Data:

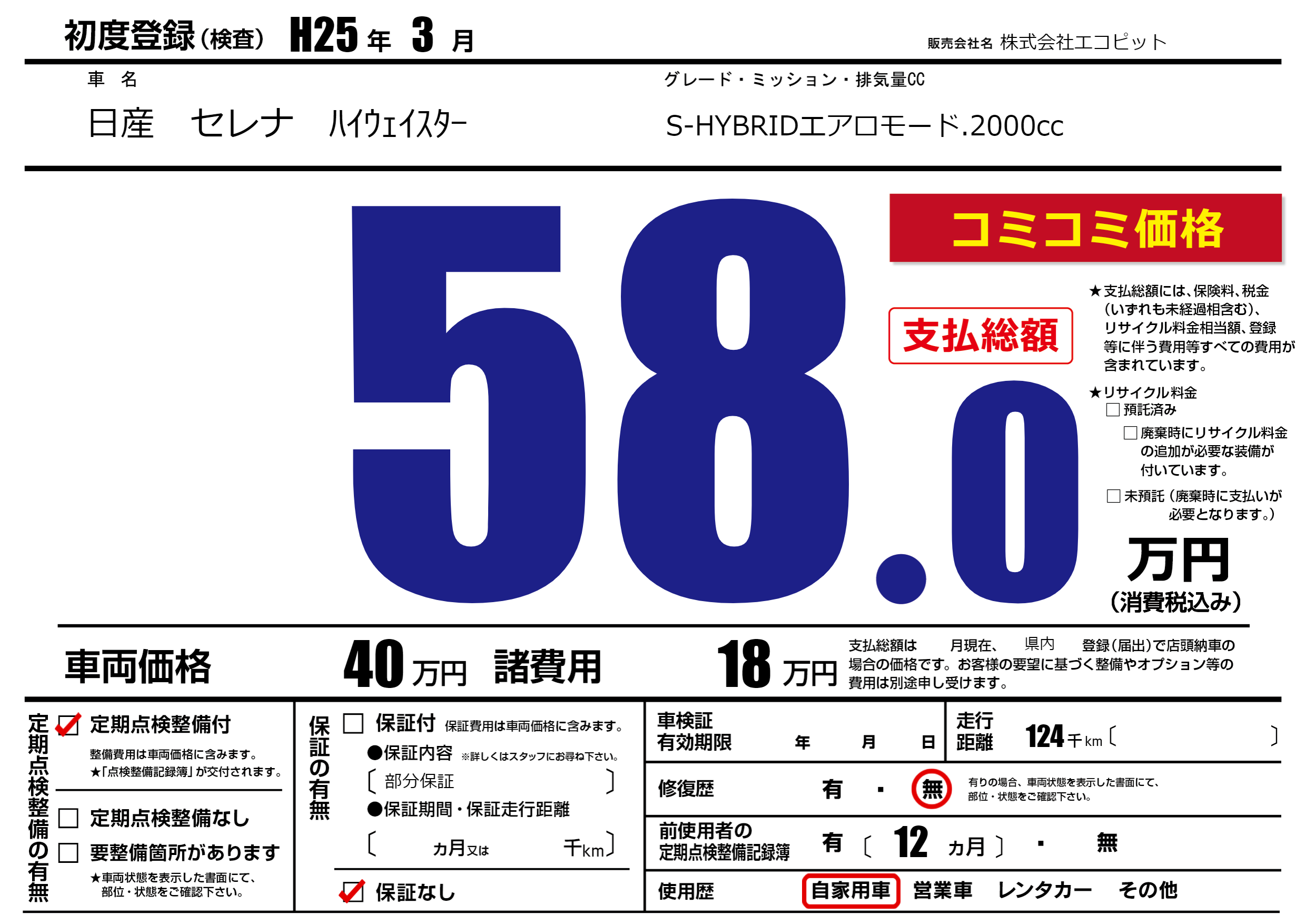 | 初年度登録 | H25年3月 | ||
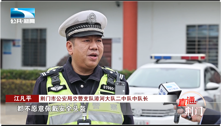 荆门市公安局交警支队漳河大队二中队中队长 江凡平:“农村地区老年人骑乘人员都不愿意佩戴安全头盔,我们漳河交警大队经常进行入村宣传,为老年人骑乘人员送上安全头盔,保障他们的安全。”
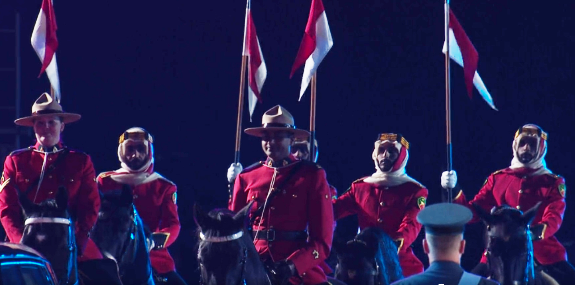 Traduction : « Les forces de défense de Bahreïn et la Gendarmerie royale du Canada ont escorté la reine depuis l’arène jusqu’au château de Windsor. Le personnel du Royal Central vous souhaite une bonne nuit et attend avec impatience les prochaines semaines. »
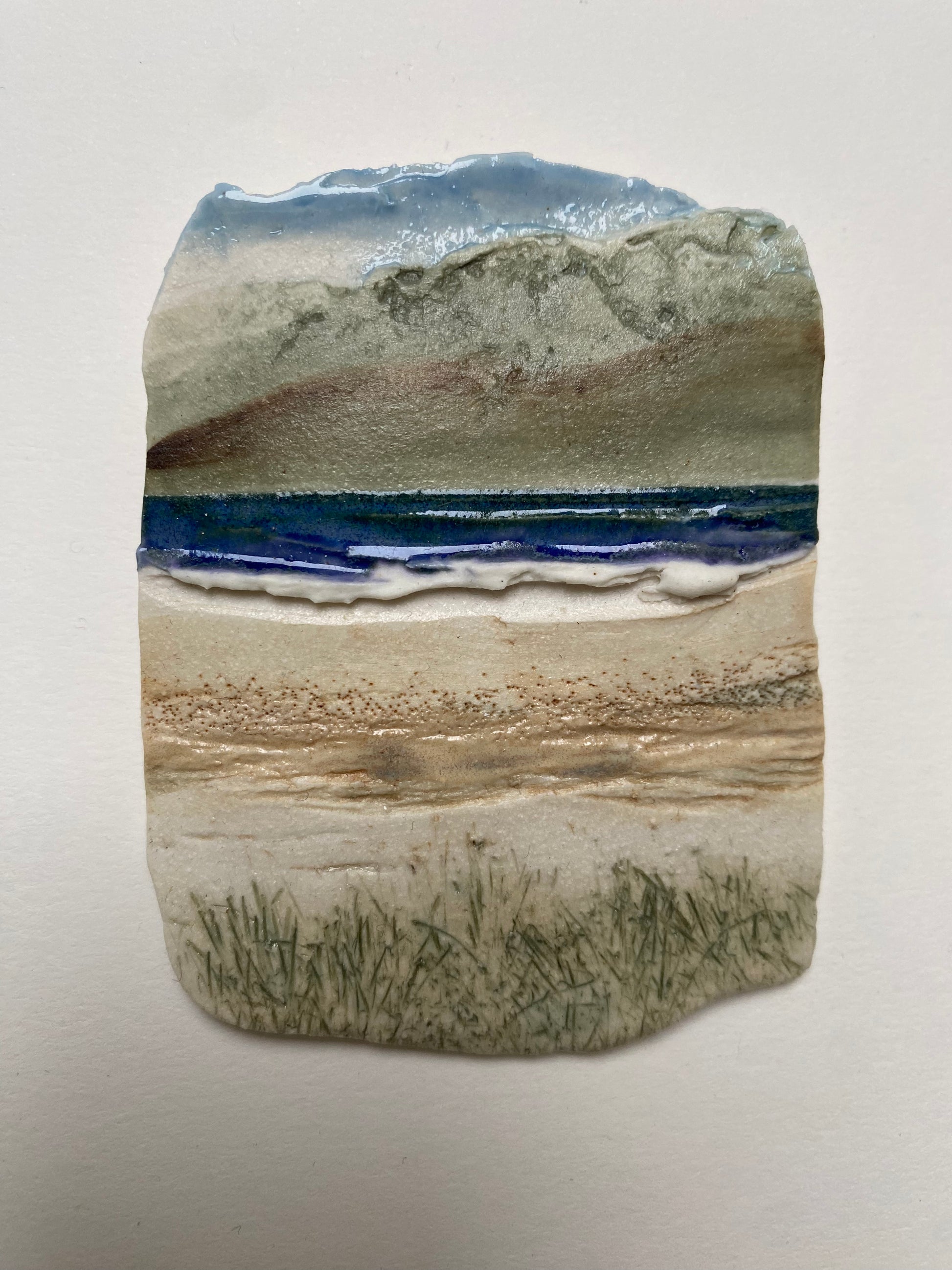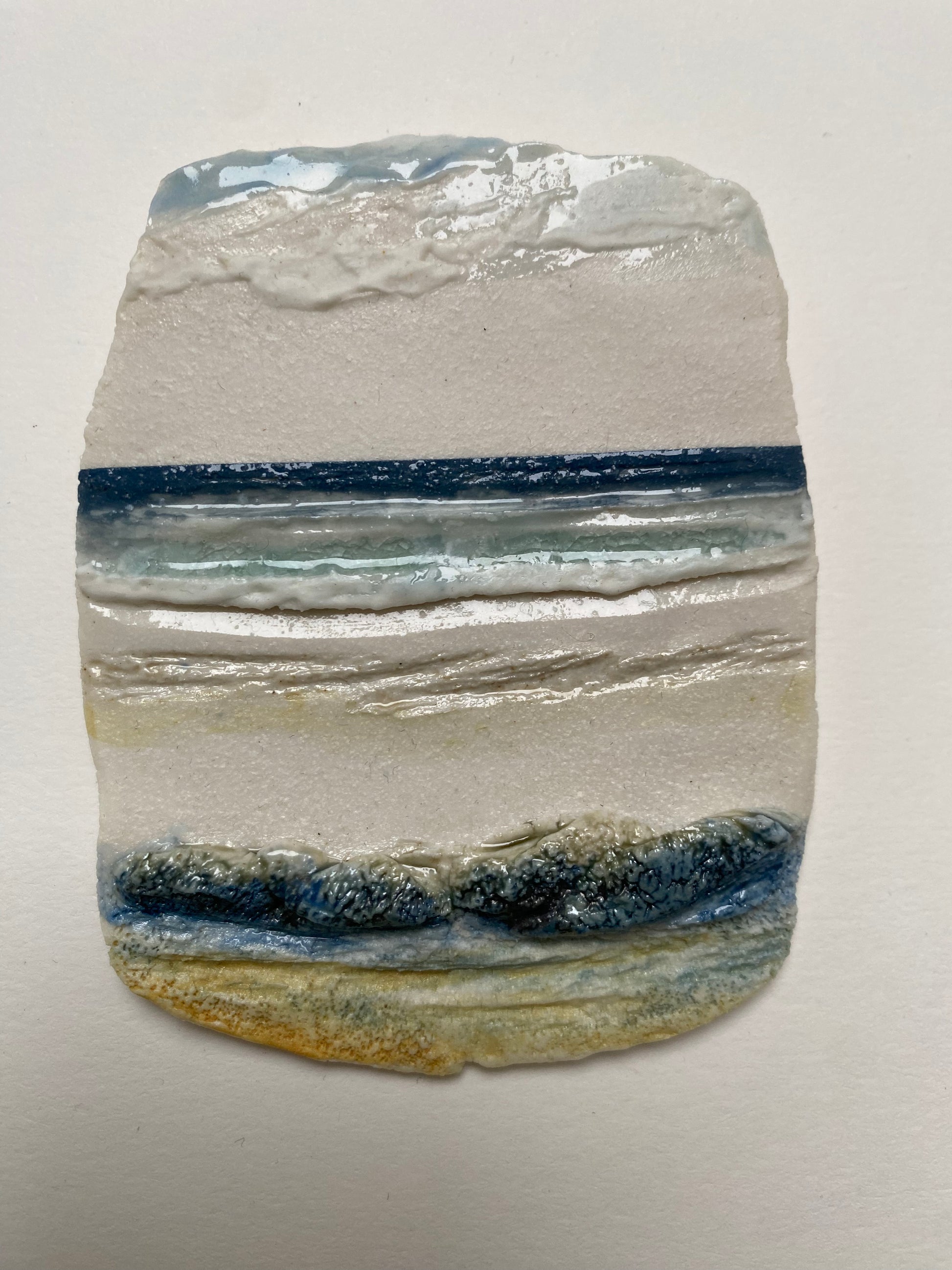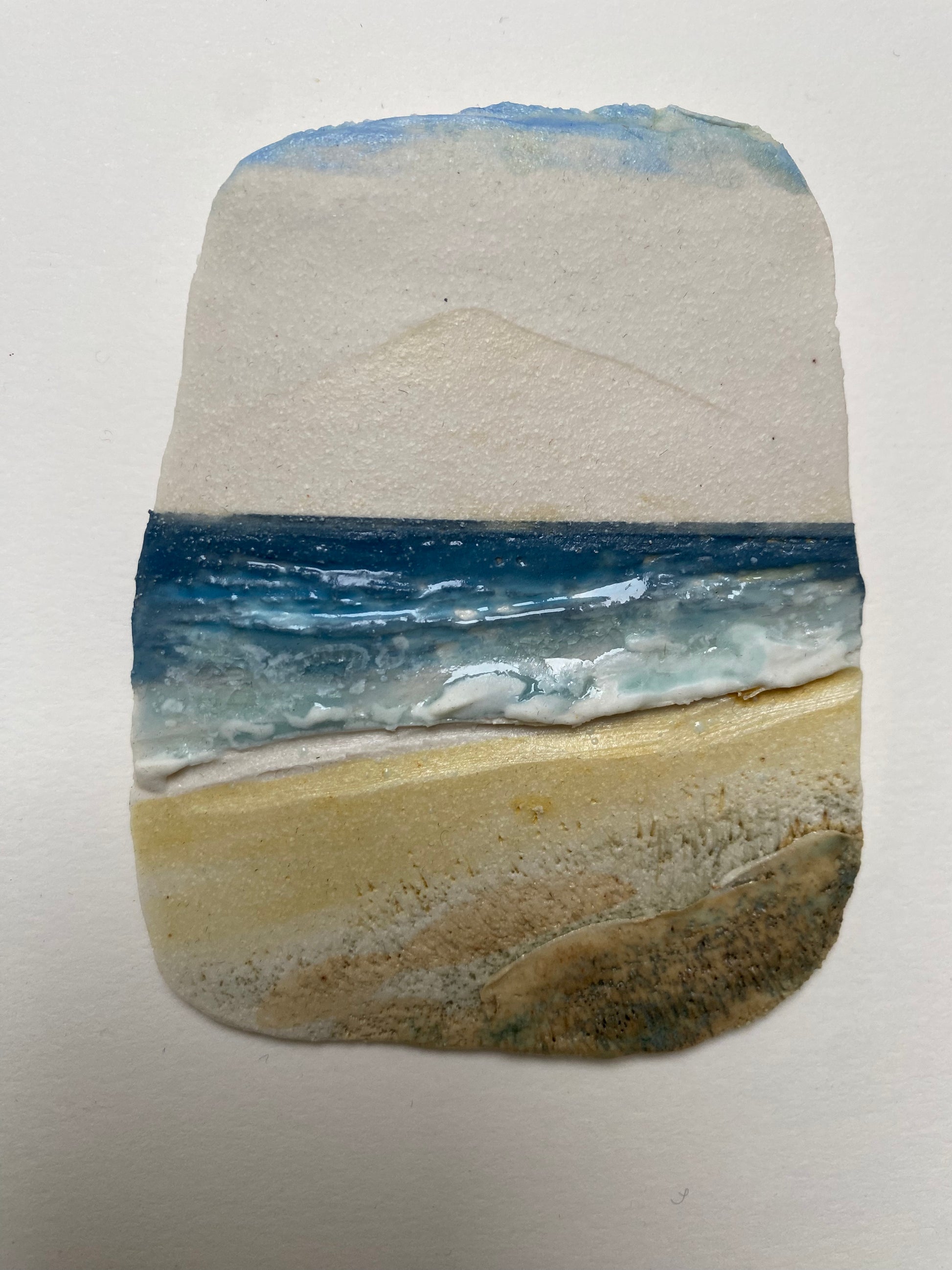 Tiny unmounted seascape, in gift box, hooked and ready to hang

Brief: What you write must match, line for line, the lines from the one with "Les forces de" through the last line of the data above, minus the pictures.

Result for this exercise:
 Traduction : « Les forces de défense de Bahreïn et la Gendarmerie royale du Canada ont escorté la reine depuis l’arène jusqu’au château de Windsor. Le personnel du Royal Central vous souhaite une bonne nuit et attend avec impatience les prochaines semaines. »
 Tiny unmounted seascape, in gift box, hooked and ready to hang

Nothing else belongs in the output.